Information supplied:
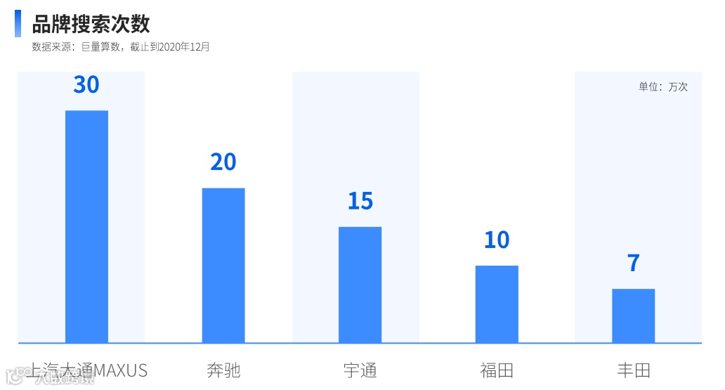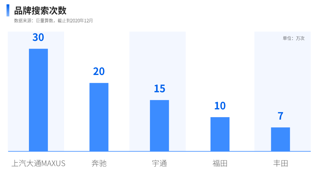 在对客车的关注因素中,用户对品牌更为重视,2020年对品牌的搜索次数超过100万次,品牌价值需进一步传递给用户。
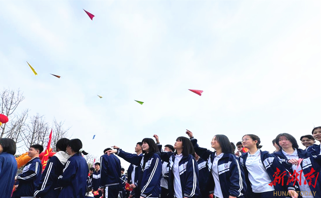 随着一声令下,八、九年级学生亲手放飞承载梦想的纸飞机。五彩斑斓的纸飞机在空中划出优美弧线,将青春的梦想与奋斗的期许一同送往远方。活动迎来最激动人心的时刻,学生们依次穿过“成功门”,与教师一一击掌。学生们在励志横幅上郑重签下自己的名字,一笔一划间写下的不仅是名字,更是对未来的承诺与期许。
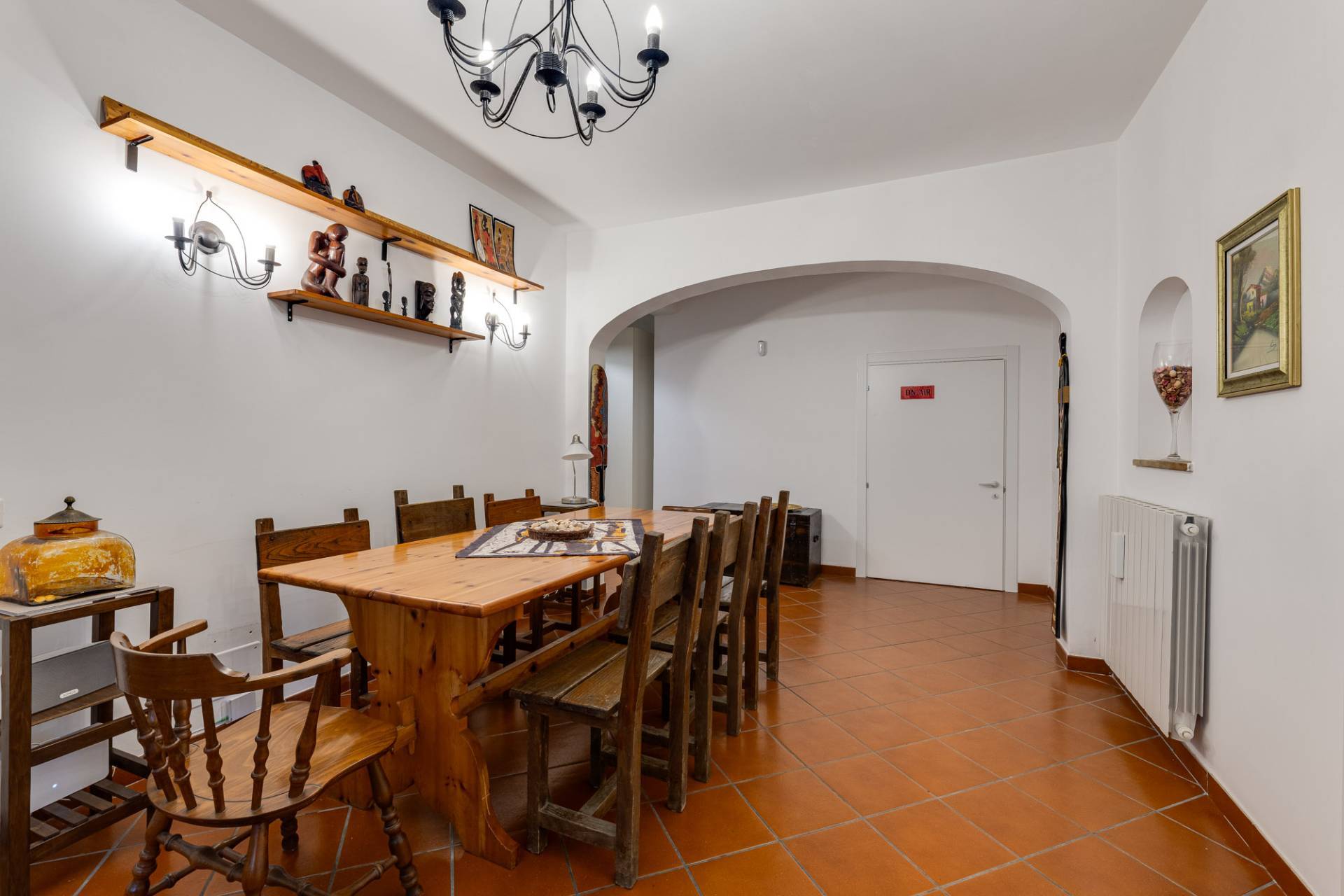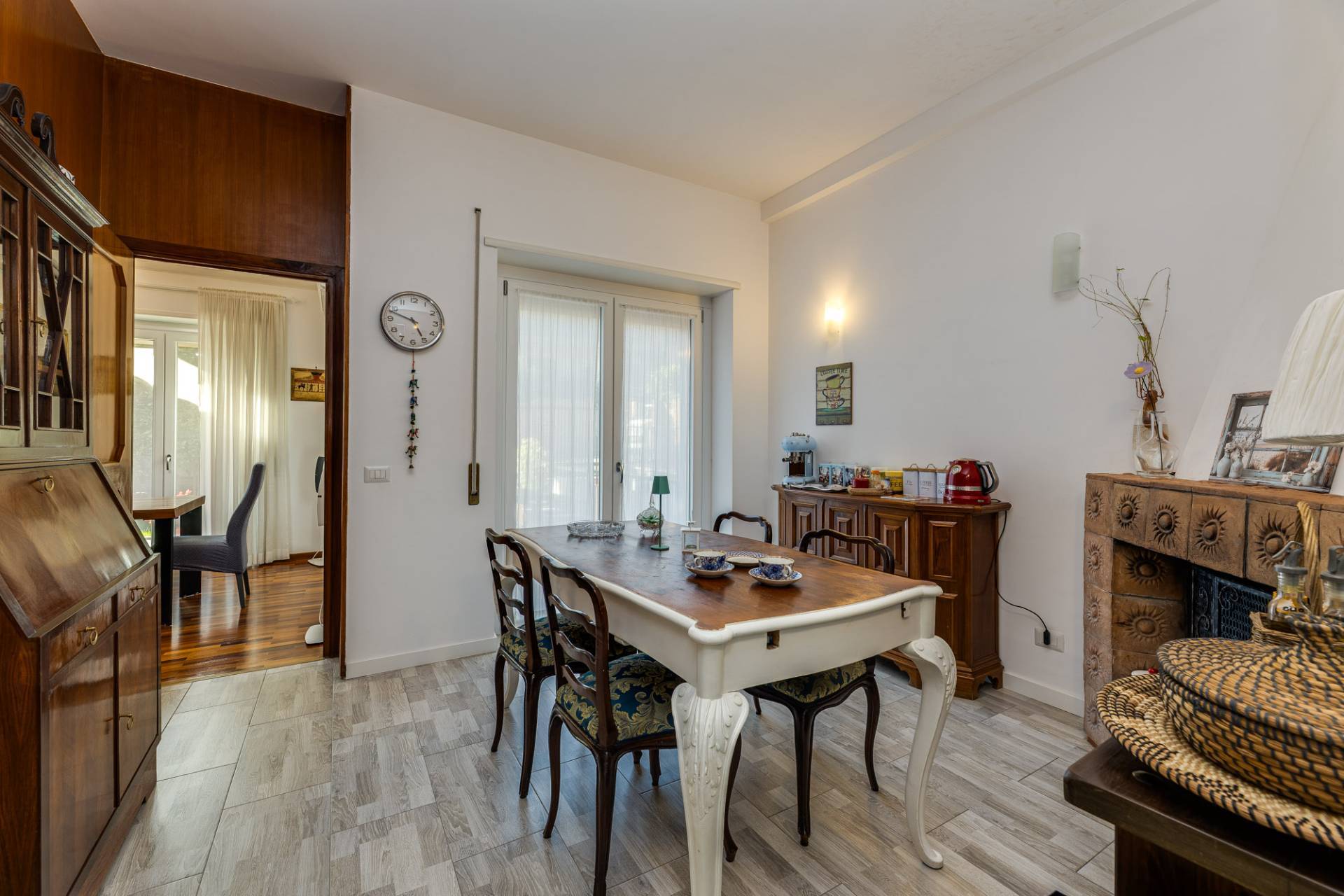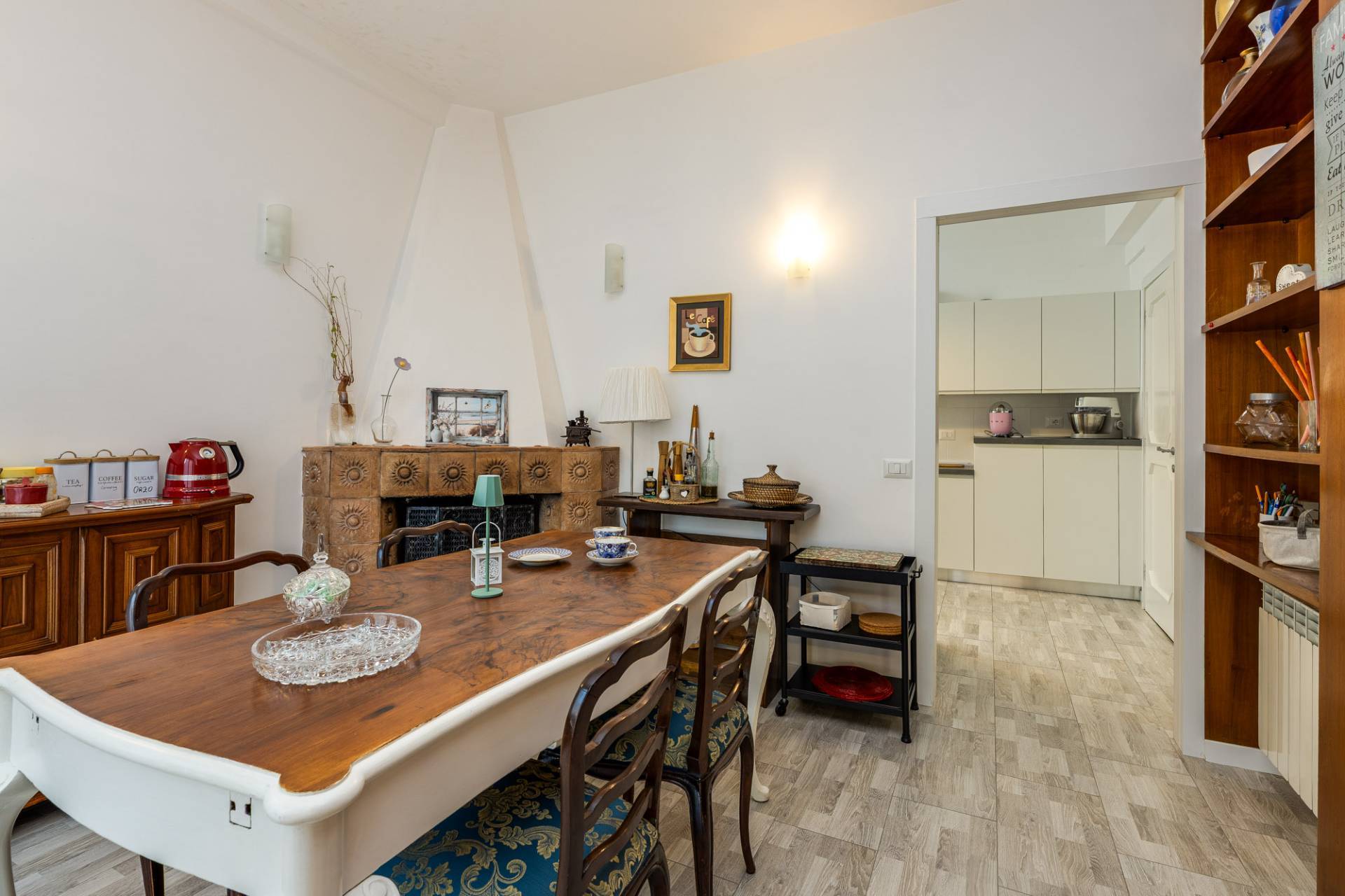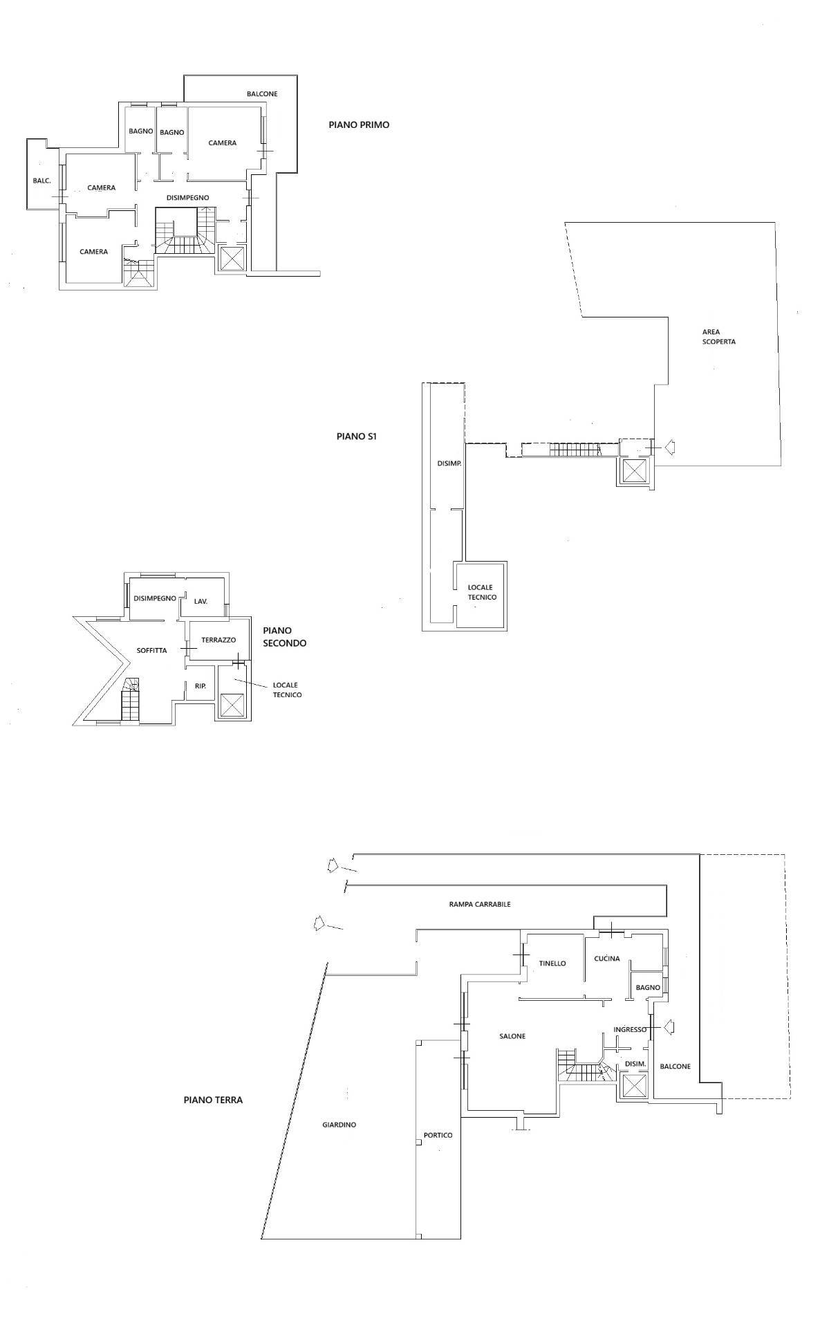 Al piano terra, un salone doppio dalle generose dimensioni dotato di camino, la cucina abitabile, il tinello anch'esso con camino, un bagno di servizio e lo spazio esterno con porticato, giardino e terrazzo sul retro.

Exercise description:
Copy out every line of the material above exactly, skipping the pictures.

Your solution:
 在对客车的关注因素中,用户对品牌更为重视,2020年对品牌的搜索次数超过100万次,品牌价值需进一步传递给用户。
 随着一声令下,八、九年级学生亲手放飞承载梦想的纸飞机。五彩斑斓的纸飞机在空中划出优美弧线,将青春的梦想与奋斗的期许一同送往远方。活动迎来最激动人心的时刻,学生们依次穿过“成功门”,与教师一一击掌。学生们在励志横幅上郑重签下自己的名字,一笔一划间写下的不仅是名字,更是对未来的承诺与期许。
 Al piano terra, un salone doppio dalle generose dimensioni dotato di camino, la cucina abitabile, il tinello anch'esso con camino, un bagno di servizio e lo spazio esterno con porticato, giardino e terrazzo sul retro.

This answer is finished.